Shares in German chemicals and pharmaceuticals giant Bayer tumbled more than 10% as markets opened Monday, as investors reacted to a shock US ruling against freshly-acquired Monsanto.
Stock in the Leverkusen-based group fell 10.4% to €83.61 around 08:25 am, after a California jury on Friday awarded a dying groundskeeper damages of almost $290m, saying Monsanto should have warned buyers that its flagship Roundup weedkiller could cause cancer.
While observers have predicted thousands of other claims could follow, Bayer said the jury's findings went against scientific evidence and that other courts might "arrive at different conclusions".
Groundskeeper Dewayne Johnson, diagnosed in 2014 with non-Hodgkin's lymphoma - a cancer that affects white blood cells - says he repeatedly used a professional form of Roundup while working at a school in Benicia, California.
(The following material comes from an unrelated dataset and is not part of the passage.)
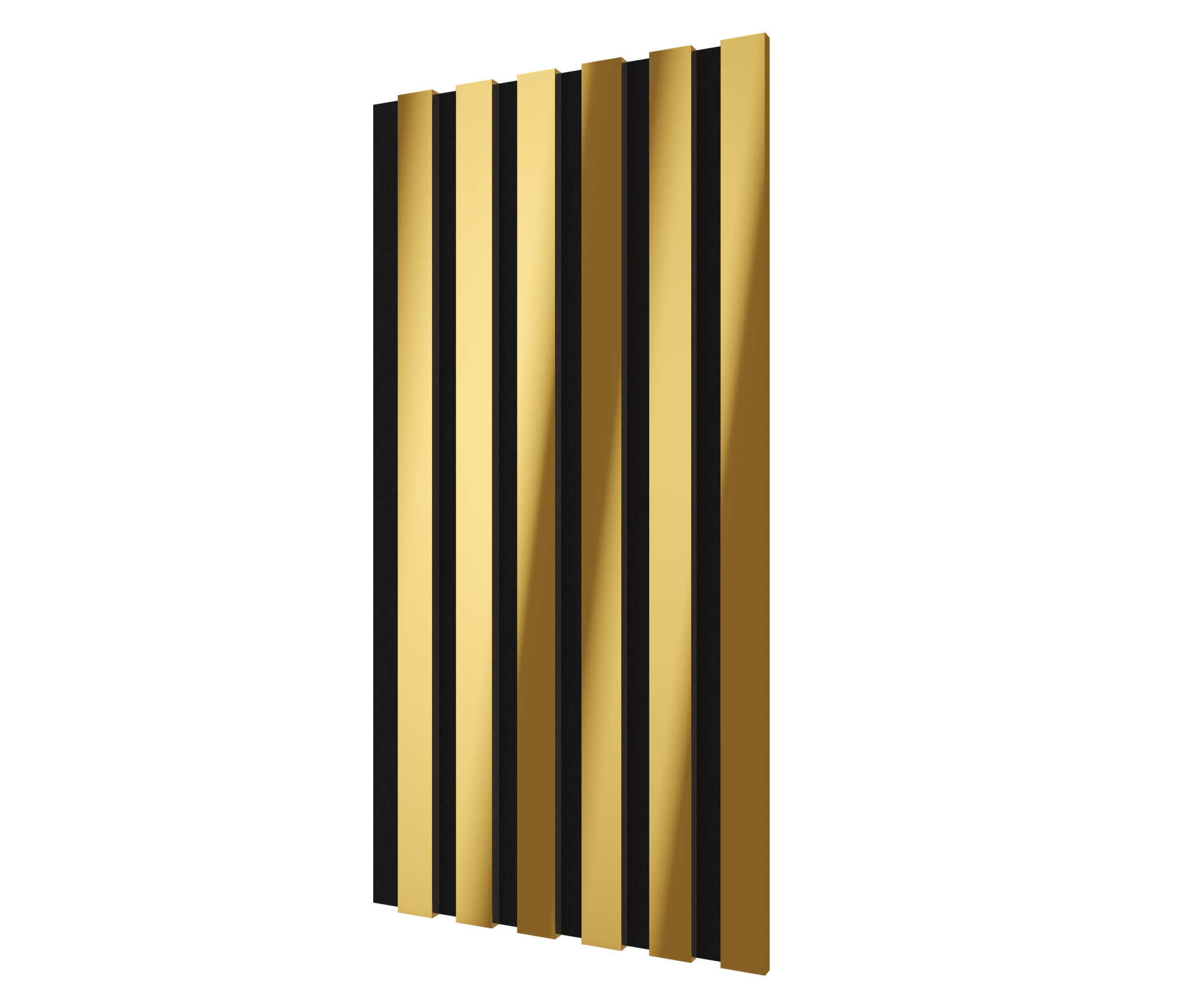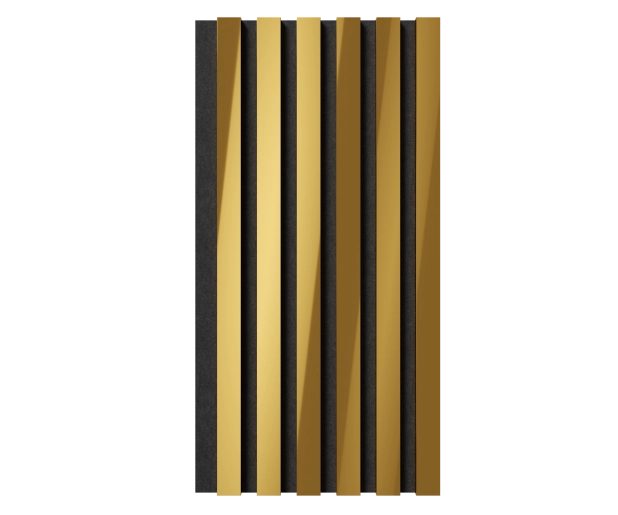 Основа панелей – акустический войлок 9мм. Изготовлен из экологичного волокна, устойчив к влаге, долговечен, воздухопроницаем, подавляет и преломляет звуковые волны. Декор панелей – рейки из экополимера, облицованные металлизированными пленками методом термопереноса: влагостойкие и ударопрочные. Блестящие полированные поверхности усиливают естественный свет, делая пространство больше и ярче, придавая статус и респектабельность интерьеру. Широкая цветовая гамма из 8 цветов: хром, хром матовый, желтое золото, золото матовое, красная медь, шампань, черное зеркало. Ширина панелей 300мм.

His lawsuit built on 2015 findings by the International Agency for Research on Cancer, part of the UN World Health Organisation, which classified Roundup's main ingredient glyphosate as a probable carcinogen, causing the state of California to follow suit.
The court decision came just weeks after Bayer sealed its mammoth takeover bid for Monsanto, one of the largest in German corporate history.
Aware of the often poisonous reputation of the US firm, which makes genetically modified seeds and "crop protection" technologies like pesticides, Bayer plans to ditch the Monsanto name once the takeover is complete.